Ratu menatap ponselnya yang bergetar menandakan adanya sebuah panggilan. Ratu yang tengah bekerja itu segera menekan tombol hijau dengan sumringah. Suasana hatinya sudah membaik paska mendapat perlakuan kurang menyenangkan dari Umi Laila hari sebelumnya.
"Hallo, Suf? Waalaikumsalam," jawab Ratu setelah terdengar salam dari pujaan hatinya itu.
"Kamu sibuk?" tanya Yusuf
"Emh, lumayan. Tumben telepon?" tanya Ratu balik.
"Ada yang mau aku bicarakan."
Ratu mengerutkan keningnya penasaran.
"Ada apa?" tanyanya.
"Emh ... ti-tidak jadi. Kapan-kapan saja. Maaf mengganggu kerja kamu," kata Yusuf mengurungkan niatnya. Awalnya, Yusuf ingin memberitahukan kepada Ratu bahwa dirinya memutuskan untuk menerima perjodohannya dengan Nafisa. Namun, rasanya tak elok jika Yusuf mengatakannya lewat telepon.
"Tidak apa-apa. Ada apa sebenarnya?" tanya Ratu penasaran.
"Tidak apa-apa. Ya sudah ya, Assalamu'alaikum," pamit Yusuf dan telepon pun terputus.
Ratu menatap lama ke arah layar ponselnya. Hatinya diliputi tanda tanya besar. Ada perlu apa Yusuf tiba-tiba meneleponnya?
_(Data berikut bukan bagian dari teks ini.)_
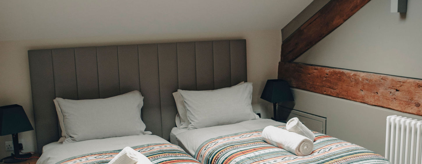 Our Hayloft barn is spacious with a double-height living space and a large kitchen, cosy barn bedrooms, one on the lower floor, and one upstairs with a Velux window. Hayloft has two double/twin ensuite bedrooms that can be booked with someone else or privately should you wish.
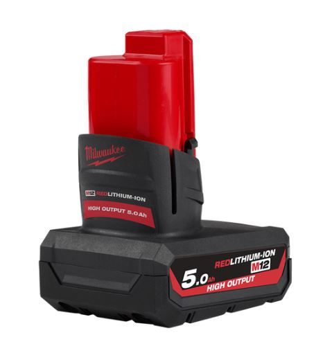 - M12™ REDLITHIUM™-ION HIGH OUTPUT™ 5.0Ah Battery delivers 25% more power vs M12B4

"Lebih baik aku menemuinya sepulang kerja," gumam Ratu. Lalu Ratu kembali menekuri pekerjaannya.
Sementara itu, Yusuf yang telah memutuskan panggilan menyandarkan badannya ke tembok.
Yusuf bingung, bagaimana mengatakan semuanya tetapi tidak melukai hati Ratu. Yusuf tidak ingin melukai hati Ratu yang sedang berproses untuk menjadi lebih baik. Yusuf takut, jika Ratu kecewa, maka akan membuat ulah seperti yang dilakukan sebelumnya. Dan Yusuf tak mengharapkan itu terjadi.
"Hhmmmmhhh ...," desah Yusuf resah.
"Kamu belum menyiapkan bahan untuk jualan, Suf?" Umi Laila yang baru saja keluar kamar dan mendapati Yusuf tengah bersandar melontarkan pertanyaan.
"Iya, Mi. Sebentar lagi," jawab Yusuf.
"Sini Umi bantu menyiangi sayurannya," kata Umi Laila.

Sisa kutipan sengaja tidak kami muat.